WA proposes Privacy Commissioner, to hold public servants accountable

By Shannon Jenkins

August 14, 2019

Source: Getty Images

The Western Australian government has announced whole-of-government plans to improve privacy protections under proposed legislation, which is open for public comment.

WA is one of only two Australian jurisdictions without privacy legislation. Currently, if someone thinks their information has been misused by a department or agency, they have no clear pathway to a solution.

The absence of privacy legislation has also made other jurisdictions reluctant to share datasets with WA’s researchers, according to Attorney General John Quigley and Innovation and ICT Minister Dave Kelly, who have released a discussion paper on the proposal.

The state’s lack of an overarching information-sharing framework forces members of the public to provide the same information to multiple agencies when updating simple details like change of address. Quigley and Kelly argued that departments are not making the best use of their combined knowledge when delivering public services.

The government has suggested a Privacy Commissioner be appointed to hold the public sector accountable, ensuring transparency and compliance. A new Chief Data Officer has also been considered, to support the using, sharing, linking and analysing of information. The officer would promote best practice in the management of data in the public sector by setting the standards for information sharing.

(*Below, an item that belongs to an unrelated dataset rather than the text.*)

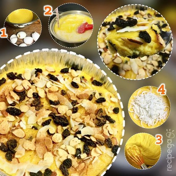 Posted from egadioniputri‘s InstagramNever ate #klappertart, but I tried to make it yesterday (2/10) to use up SIX leftover egg yolks. It turned out simply creamy #custard (#カスタード) mixed with the #coconuts meat (ココナッツ身) and sliced almond + raisin sprinkles😅 #recipega . .
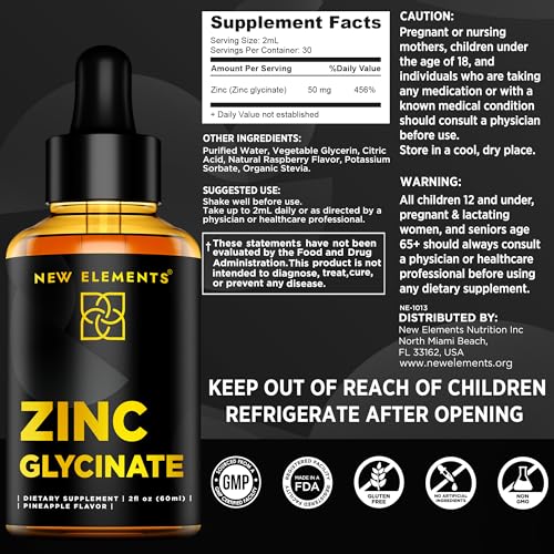 Zinc Supplements 50mg | Liquid Zinc Supplement | Zinc Glycinate Drops for Adults | Supports Immune Health | Metabolism | Skin Care Supplement | Non-GMO | Vegan | Gluten-Free

Kelly said the government has an opportunity to deliver effective, seamless services for the community, using data.

“Better use of data has the power to improve everything we do, whether it is something as simple as renewing a licence, as complex as improving research into children’s health, or as important as reducing cases of family domestic violence,” he said.

However, he noted the state needs to protect privacy for this to happen.

“We are acting on the calls of the Western Australian community for greater accountability and transparency around the way data is collected, used, stored and shared.”

Quigley said the government must “get privacy protections right”.

“We want to make better use of the information held by public agencies for the benefit of the community,” he said.

The government is seeking community feedback on the proposed plans. The consultation period will run until the end of October with written submissions due by Friday November 1, 2019. A public information session will be held at the State Library on September 4, 2019.

According to the discussion paper, the state government is”investing heavily in improving public sector cyber security, and will work to build the public sector’s ability to ensure the safety of information”.